Может, еще раз надавить на живот? Нет, зря. Всё зря.

Черт, пить как хочется. Невыносимо.

Эй, кто-нибудь! Воды принесите немедленно!

Не убоишися от страха нощнаго, от стрелы летящия во дни, от вещи во тьме преходящия, от сряща и беса полуденнаго. Падет от страны твоея тысяща, и тьма одесную тебе, к тебе же не приближится, обаче очима твоима смотриши, и воздаяние грешников узриши. Яко Ты, Господи, упование мое; Вышняго положил еси прибежище твое. Не приидет к тебе зло, и рана не приближится телеси твоему.

Светает, должно быть. Уже девяностый псалом читают.

Мейзель встал и, не глядя на Арбузиху, вышел из комнаты. Ощупью нашел в сенцах ведро, кружку, долго и гулко глотал теплую железистую воду. Потом вышел на крыльцо.

Было еще темно, но небо далеко, на самом краю, уже побледнело, чая и будущий свет, и воскресение из мертвых, и то там, то тут, торопя чудо, взрывались криком невидимые петухи. Нежно и коротко взмыкнула в хлеву проснувшаяся корова. Позвала хозяйку. Пахло горячей мокрой землей и смородиновым листом, свежим, промытым. Дождя ждали всю неделю. И он прошел наконец, стеснительно, ночью, своим положенным чередом.

Почему-то хотелось думать о Боге, и Мейзель думал о нем – простыми необязательными словами, без горечи и сожаления, как о дожде. Бог – был. И дождь – тоже был. И между ними существовала связь, очень правильная и настолько простая, что Мейзель дивился, как это не понимал ее раньше, а вот теперь только понял – и немедленно забыл, но это тоже было хорошо, правильно и просто. Небо, забор, две пожилые яблони – всё вдруг задрожало, качнулось, тронулось с места, поплыло – и Мейзель, вздрогнув, схватился за перила крыльца, хлопая влажными растерянными глазами. Он с силой потер уши и выкурил две папиросы – ошеломляюще вкусные, горькие, – прежде чем заставил себя вернуться назад, к людям и смерти.
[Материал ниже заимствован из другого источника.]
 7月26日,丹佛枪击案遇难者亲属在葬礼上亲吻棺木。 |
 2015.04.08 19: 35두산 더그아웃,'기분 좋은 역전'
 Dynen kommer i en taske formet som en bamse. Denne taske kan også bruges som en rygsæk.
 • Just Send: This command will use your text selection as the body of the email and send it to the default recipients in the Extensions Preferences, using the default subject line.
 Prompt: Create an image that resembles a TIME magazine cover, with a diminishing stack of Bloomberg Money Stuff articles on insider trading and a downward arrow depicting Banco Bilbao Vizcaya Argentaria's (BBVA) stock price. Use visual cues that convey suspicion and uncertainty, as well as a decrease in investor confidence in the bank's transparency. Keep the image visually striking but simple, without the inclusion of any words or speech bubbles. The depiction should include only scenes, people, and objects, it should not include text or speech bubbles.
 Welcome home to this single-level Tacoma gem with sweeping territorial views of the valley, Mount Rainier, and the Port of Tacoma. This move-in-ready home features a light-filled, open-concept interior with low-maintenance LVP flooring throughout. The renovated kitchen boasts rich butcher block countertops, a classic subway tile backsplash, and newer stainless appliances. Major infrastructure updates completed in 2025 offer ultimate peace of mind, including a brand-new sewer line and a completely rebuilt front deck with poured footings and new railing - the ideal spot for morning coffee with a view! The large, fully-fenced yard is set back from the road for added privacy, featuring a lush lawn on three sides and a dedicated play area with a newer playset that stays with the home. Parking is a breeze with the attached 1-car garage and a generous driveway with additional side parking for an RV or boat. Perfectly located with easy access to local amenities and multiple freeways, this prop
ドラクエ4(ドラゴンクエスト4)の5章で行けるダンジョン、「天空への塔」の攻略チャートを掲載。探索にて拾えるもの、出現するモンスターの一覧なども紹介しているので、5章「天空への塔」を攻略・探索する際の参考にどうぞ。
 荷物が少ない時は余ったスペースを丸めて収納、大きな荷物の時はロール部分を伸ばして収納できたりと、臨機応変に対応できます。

Осторожно прикрыл дверь. Прошел в комнату, стараясь не глядеть на вытянувшееся на столе тихое тело.

Да будут чада eго в погубление, в роде едином да потребится имя eго. Да воспомянется беззаконие отец eго пред Господем, и грех матере eго да не очистится. Да будут пред Господем выну и да потребится от земли память их.

Арбузихи не было.

Только зияла у распахнутого окна смятая, разоренная, волглая от пота и крови кровать.
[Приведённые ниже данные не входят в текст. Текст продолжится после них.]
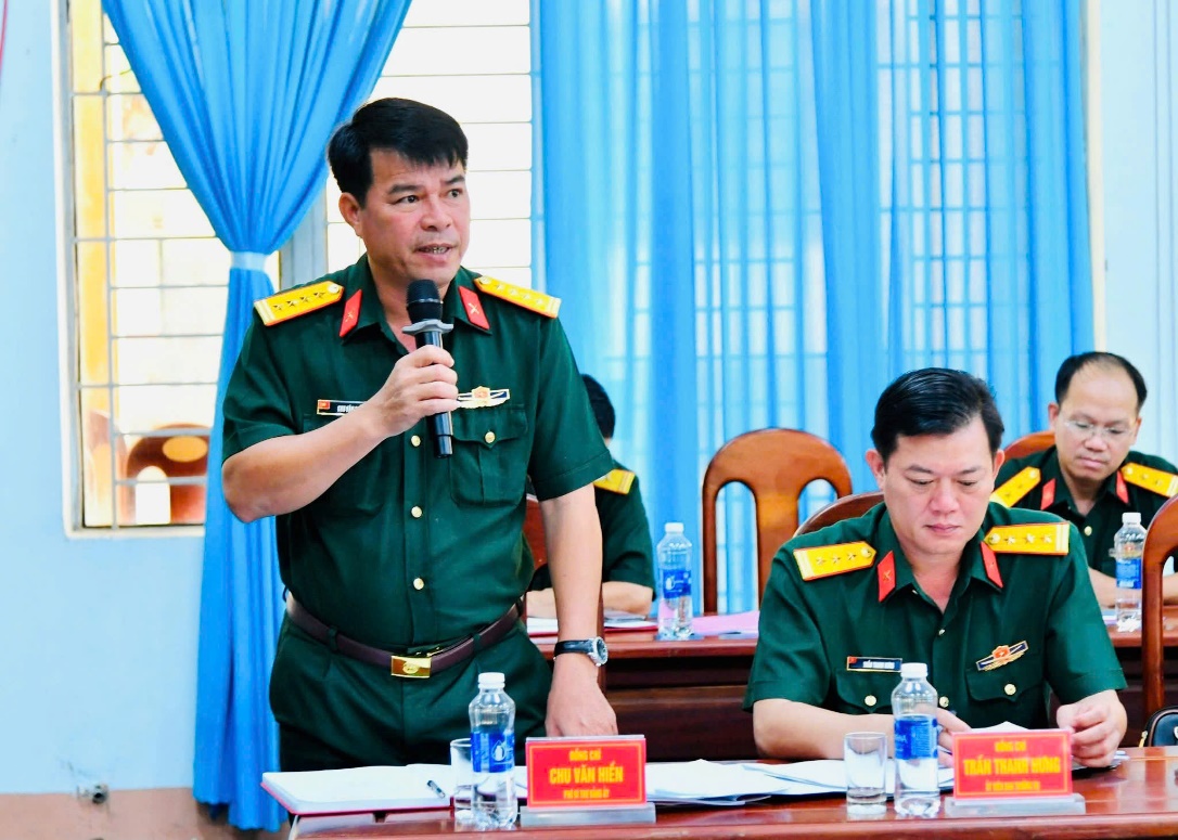 Đại tá Chu Văn Hiền, Phó Bí thư Đảng ủy, Chỉ huy trưởng Ban Chỉ huy khu vực 3 - Đồng Xoài phát biểu tại Hội nghị (Ảnh: Minh Đắc - Minh Tiến)

Мейзель нашел Арбузиху на кухне через несколько очень долгих и неприятных минут, едва не укрепивших его в существовании самых диких и нелепых суеверий. Свеча в его трясущейся от усталости руке прыгала, прыгали вместе с ней причудливо ненормальные тени, выхватывая то смуглую близорукую лампадку, то угол стола, то котелок, полыхнувший медным жидким огнем – и тотчас погасший. Оглушительно пахло загодя начищенным чесноком, сухим укропом, с вечера замоченными в корыте колючими огурцами.

Арбузиха сидела на кадушке раскорячившись, подобрав юбки и свесив растрепанную голову, – так что Мейзель целую секунду видел только ее ноги, очень светлые, очень голые, и неожиданно темные, грубые волоски на голенях, почему-то нестерпимо стыдные, так что он слабо ахнул и зажмурился, будто мальчишка, впервые дотянувшийся до банного оконца – хотя какую-то четверть часа назад созерцал все Арбузихино естество, сизое, намученное родами, всё в свалявшемся, заскорузлом от крови белесом пуху.

Арбузиха подняла голову, улыбнулась и боком, как тряпичная кукла, сползла на пол. Опомнившийся Мейзель едва успел ее подхватить – и тут же опустил. Арбузиха легко, словно была жидкая, растеклась по полу. Она все еще слабо и бессмысленно улыбалась.

Мейзель наклонился.

На дне запаренной кадушки лежал, быстро, как жучок, суча крошечными лапками, ребенок, перепачканный белым и красным, с налипшим на рыжеватую головку смородиновым листом. Живой.

Мейзель схватил его, обтер сперва обшлагом сюртука, потом, опустившись на колени, краем Арбузихиной юбки.

Девочка.

Господи боже!

Да какая крепенькая.

Арбузиха заворчала, завозилась, глаза ее, еще пьяные от пережитой боли, потемнели совсем по-звериному, и Мейзель торопливо подсунул ей ребенка, убедился, что тот зачавкал, принялся есть, не успев даже закричать.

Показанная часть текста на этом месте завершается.